● **Task goal**:
From the line that contains "AREG® Modell 1" through the line that contains "Echt Leder, Grössen", output every line of the listing below exactly and leave out all the rest.

Exercise data START

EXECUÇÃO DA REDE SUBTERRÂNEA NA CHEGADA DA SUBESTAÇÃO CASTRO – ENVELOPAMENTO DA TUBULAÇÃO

Exercise data END
Exercise data START

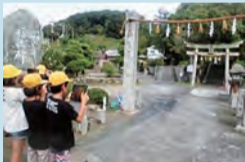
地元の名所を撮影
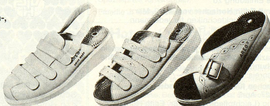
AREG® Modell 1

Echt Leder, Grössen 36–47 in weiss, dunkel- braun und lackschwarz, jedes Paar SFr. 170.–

Exercise data END

● **Exercise answer**:
AREG® Modell 1

Echt Leder, Grössen 36–47 in weiss, dunkel- braun und lackschwarz, jedes Paar SFr. 170.–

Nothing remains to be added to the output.